Palestina: un bloqueo inhumano


Editorial La Jornada

Por orden del ministro de Defensa de Israel, Naftali Bennett, el ejército de ese país empezó ayer a bloquear las exportaciones agrícolas de Palestina e impedir que transiten de los territorios cisjordanos ocupados por el paso fronterizo hacia Jordania, única vía que pueden utilizar los palestinos para enviar sus mercancías al mundo exterior.
De esta manera, la nación ocupada enfrenta una grave afectación económica que empeorará las perspectivas de una economía de por sí arrasada por los efectos del robo, por parte de Israel, de las tierras palestinas más fértiles, las murallas que ha construido para aislar a las poblaciones cisjordanas y la violencia militar contra la población –asesinatos selectivos o masivos, encarcelamientos sin juicio, demolición arbitraria de casas– imperante desde hace décadas.
Podría pensarse que este bloqueo forma parte de una mera disputa comercial, en la medida en que es respuesta a la decisión de las autoridades palestinas de suspender las compras de carne de ternera a Israel, país que a su vez importaba ese producto y lo revendía a los palestinos con un margen de utilidad.
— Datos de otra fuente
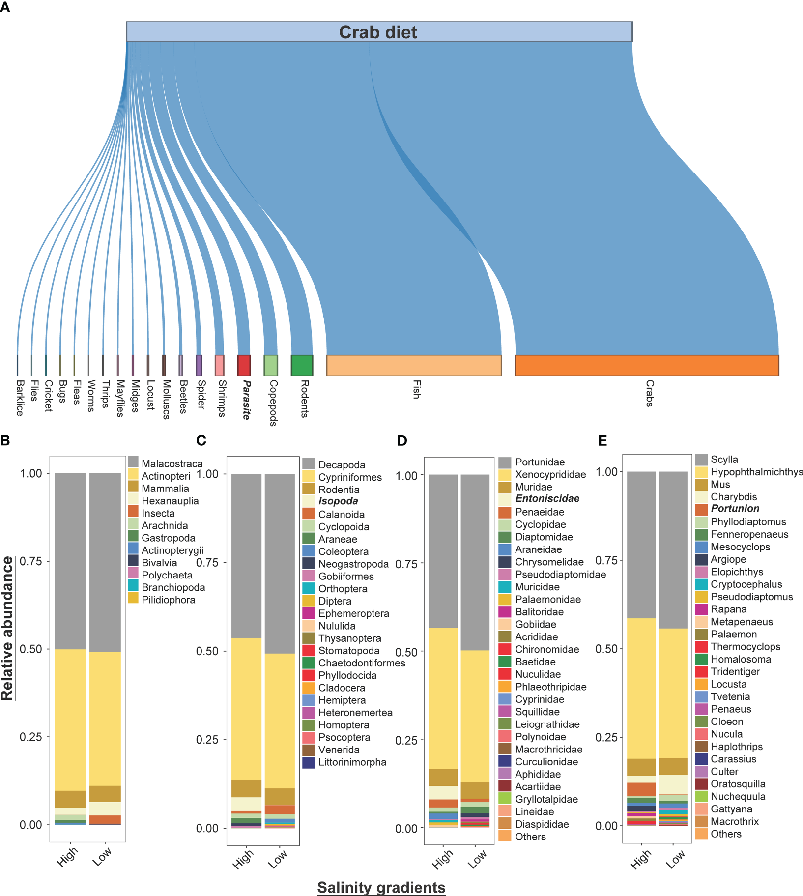 The figure shows the (A) dietary compositions of mud crabs captured from both salinity gradients. It also shows the relative abundance (%) of prey (B) classes, (C) orders, top 30 (D) families and (E) genera detected in diet of mud crabs. The mud crabs were captured from marine environment with varying salinities, with some having high-salinity and other low-salinity levels. The taxa names in bold and italic represent crab endoparasites.

Al descubrir esa situación, el gobierno que encabeza Mahmoud Abbas ordenó adquirir de manera directa la ternera a los países productores, y el régimen de Tel Aviv respondió con otras medidas de represalia, de las que forma parte el bloqueo a las exportaciones palestinas de verduras.
Sin embargo, sería ingenuo y superficial hablar de guerras comerciales en una relación bilateral tan rotundamente desequilibrada, injusta y asimétrica, como lo es la palestino-israelí, en la que uno de los participantes tiene el control militar que le permite cerrar la puerta a voluntad a los intercambios comerciales de la contraparte, e incluso de descarrilar su economía por medio de acciones que pueden ir del embargo al bombardeo.
Así pues, el cierre del único punto que tenían los palestinos para sacar sus exportaciones debe verse como una agresión pura y dura en contra de la población y un intento de reducir por hambre a una nación que durante siete décadas ha luchado por su derecho a existir.
No debe soslayarse que ese derecho recibió en días pasados un duro golpe cuando el presidente estadunidense, Donald Trump, anunció un plan de paz que consiste lisa y llanamente en reducir a la población palestina a un conjunto de enclaves o reservas territoriales, negarle el derecho a construir un Estado soberano, arrebatarle el margen del río Jordán y cambiarle tierras fértiles por pedazos aislados de desierto.
En suma, la medida comentada no puede considerarse un episodio de guerra comercial sino un acto de guerra a secas que contraviene el derecho internacional, el cual prohíbe, en muchos de sus instrumentos, que una potencia haga padecer hambre a la población civil de un adversario.
Resulta desoladora la agresión en sí, pero también lo es la indiferencia de la comunidad internacional ante el sufrimiento palestino causado por la criminal e ilegal ocupación israelí en Cisjordania y el cerco militar de Gaza.
La opinión pública internacional debe clamar por el fin inmediato de esa opresión y presionar a sus gobiernos para que contribuyan a poner freno al militarismo expansionista de Tel Aviv.